* **RECORD EXCERPTS**

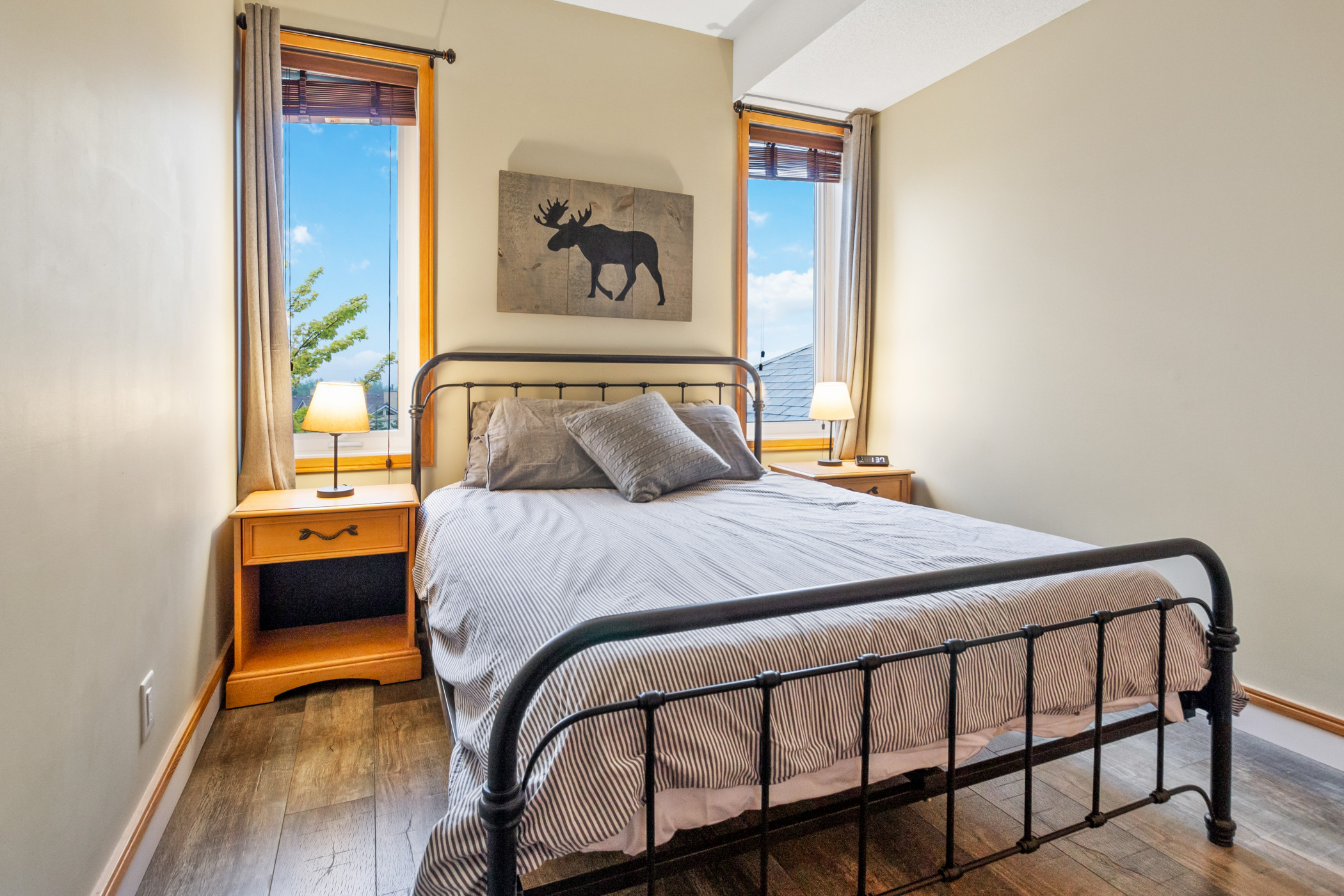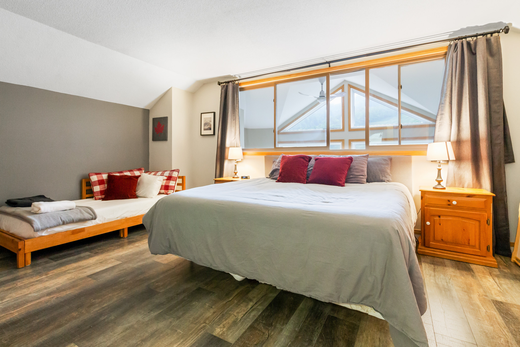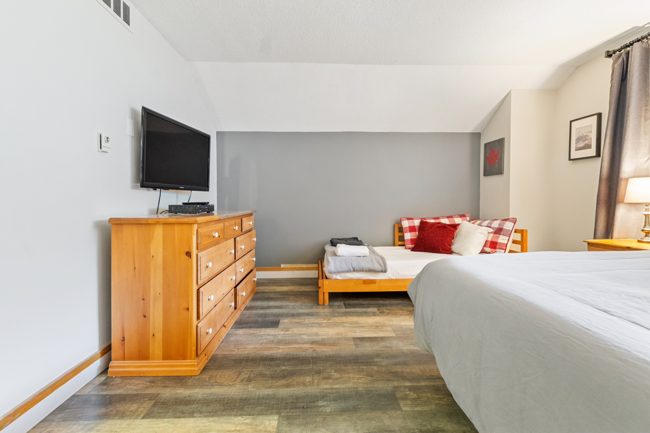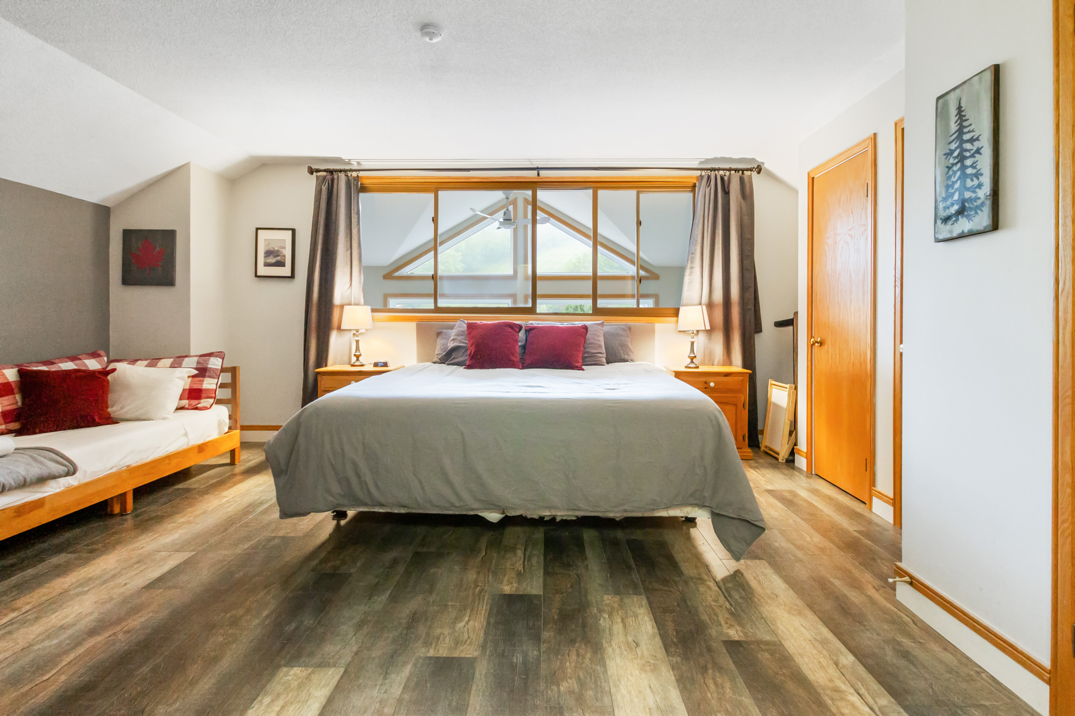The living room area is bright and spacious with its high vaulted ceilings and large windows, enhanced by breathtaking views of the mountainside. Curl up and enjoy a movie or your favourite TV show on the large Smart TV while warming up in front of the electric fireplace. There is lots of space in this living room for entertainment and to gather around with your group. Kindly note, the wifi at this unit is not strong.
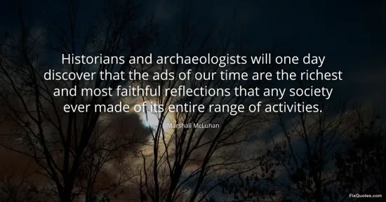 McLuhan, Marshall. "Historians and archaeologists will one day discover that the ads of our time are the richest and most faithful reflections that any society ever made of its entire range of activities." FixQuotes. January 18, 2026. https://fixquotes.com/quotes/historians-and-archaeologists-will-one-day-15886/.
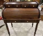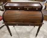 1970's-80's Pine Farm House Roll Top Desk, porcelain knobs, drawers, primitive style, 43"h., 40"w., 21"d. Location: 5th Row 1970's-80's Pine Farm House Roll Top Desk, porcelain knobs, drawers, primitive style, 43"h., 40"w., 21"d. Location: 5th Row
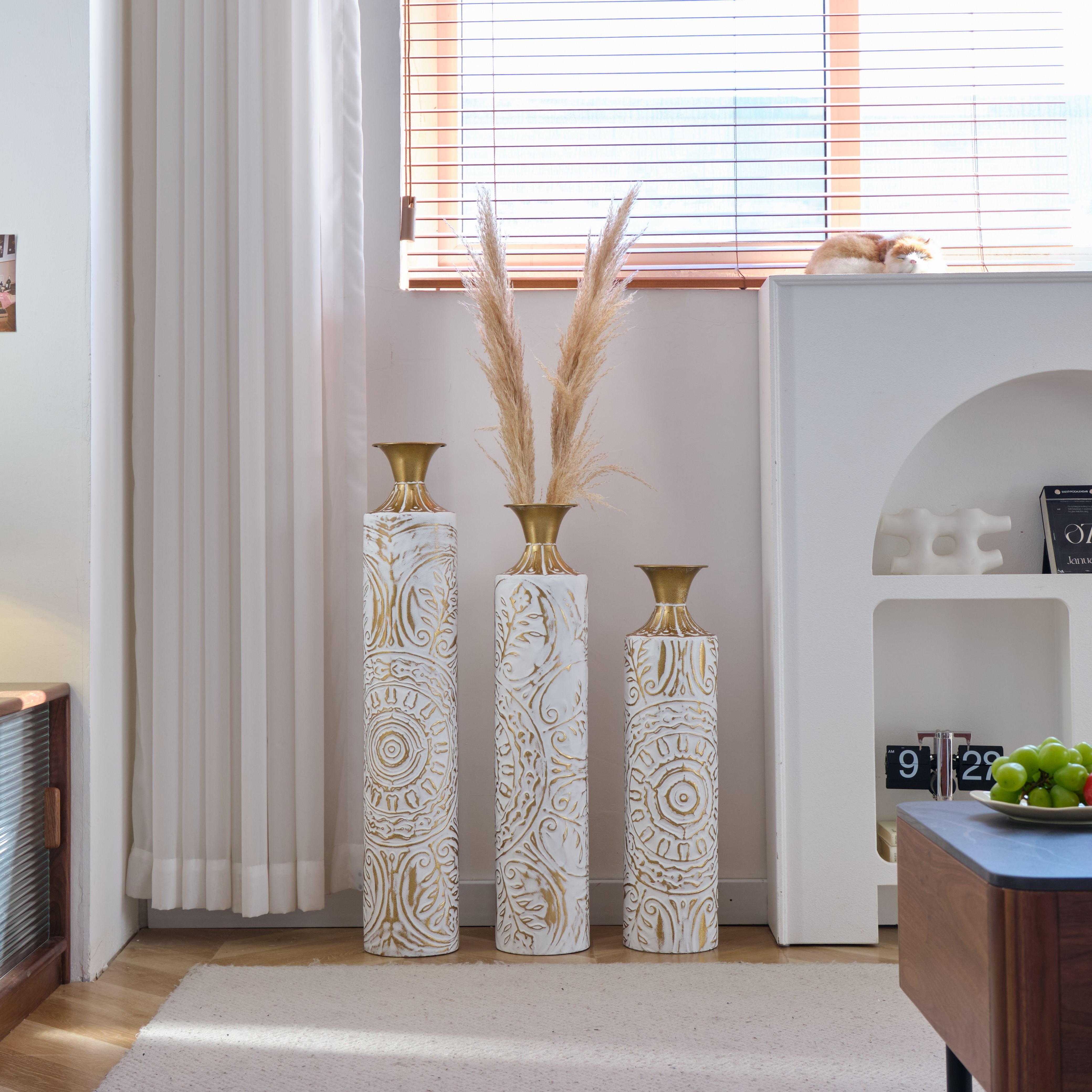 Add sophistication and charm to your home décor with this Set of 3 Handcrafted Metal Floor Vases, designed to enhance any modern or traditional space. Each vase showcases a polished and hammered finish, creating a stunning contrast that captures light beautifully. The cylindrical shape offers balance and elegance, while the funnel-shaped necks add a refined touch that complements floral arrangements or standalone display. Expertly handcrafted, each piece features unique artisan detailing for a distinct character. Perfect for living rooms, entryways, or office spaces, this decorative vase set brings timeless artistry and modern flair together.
==
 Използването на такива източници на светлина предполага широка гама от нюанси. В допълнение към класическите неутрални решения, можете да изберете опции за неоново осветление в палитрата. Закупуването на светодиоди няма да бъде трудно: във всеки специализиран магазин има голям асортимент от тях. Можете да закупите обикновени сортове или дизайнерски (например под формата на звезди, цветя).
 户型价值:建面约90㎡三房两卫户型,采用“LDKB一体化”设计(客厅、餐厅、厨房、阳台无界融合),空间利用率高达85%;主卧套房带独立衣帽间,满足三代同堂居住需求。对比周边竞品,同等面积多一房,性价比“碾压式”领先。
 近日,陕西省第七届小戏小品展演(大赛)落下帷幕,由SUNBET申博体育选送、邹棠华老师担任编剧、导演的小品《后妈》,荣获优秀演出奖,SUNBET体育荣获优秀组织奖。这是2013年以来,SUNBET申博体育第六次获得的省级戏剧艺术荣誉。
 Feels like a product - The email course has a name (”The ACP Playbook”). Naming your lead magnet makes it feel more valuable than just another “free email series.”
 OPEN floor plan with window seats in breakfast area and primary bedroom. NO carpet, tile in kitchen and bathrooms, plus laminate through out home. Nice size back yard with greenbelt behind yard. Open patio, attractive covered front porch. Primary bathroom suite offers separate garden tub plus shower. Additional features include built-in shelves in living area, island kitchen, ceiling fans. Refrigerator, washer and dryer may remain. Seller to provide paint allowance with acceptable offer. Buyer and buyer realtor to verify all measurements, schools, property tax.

* **YOUR OBJECTIVE**
Using the entries above, repeat exactly the lines from the one with "The living room" to the one with "Add sophistication and", both included, and leave the pictures behind.

* **RESULT**
The living room area is bright and spacious with its high vaulted ceilings and large windows, enhanced by breathtaking views of the mountainside. Curl up and enjoy a movie or your favourite TV show on the large Smart TV while warming up in front of the electric fireplace. There is lots of space in this living room for entertainment and to gather around with your group. Kindly note, the wifi at this unit is not strong.
 McLuhan, Marshall. "Historians and archaeologists will one day discover that the ads of our time are the richest and most faithful reflections that any society ever made of its entire range of activities." FixQuotes. January 18, 2026. https://fixquotes.com/quotes/historians-and-archaeologists-will-one-day-15886/.
 1970's-80's Pine Farm House Roll Top Desk, porcelain knobs, drawers, primitive style, 43"h., 40"w., 21"d. Location: 5th Row 1970's-80's Pine Farm House Roll Top Desk, porcelain knobs, drawers, primitive style, 43"h., 40"w., 21"d. Location: 5th Row
 Add sophistication and charm to your home décor with this Set of 3 Handcrafted Metal Floor Vases, designed to enhance any modern or traditional space. Each vase showcases a polished and hammered finish, creating a stunning contrast that captures light beautifully. The cylindrical shape offers balance and elegance, while the funnel-shaped necks add a refined touch that complements floral arrangements or standalone display. Expertly handcrafted, each piece features unique artisan detailing for a distinct character. Perfect for living rooms, entryways, or office spaces, this decorative vase set brings timeless artistry and modern flair together.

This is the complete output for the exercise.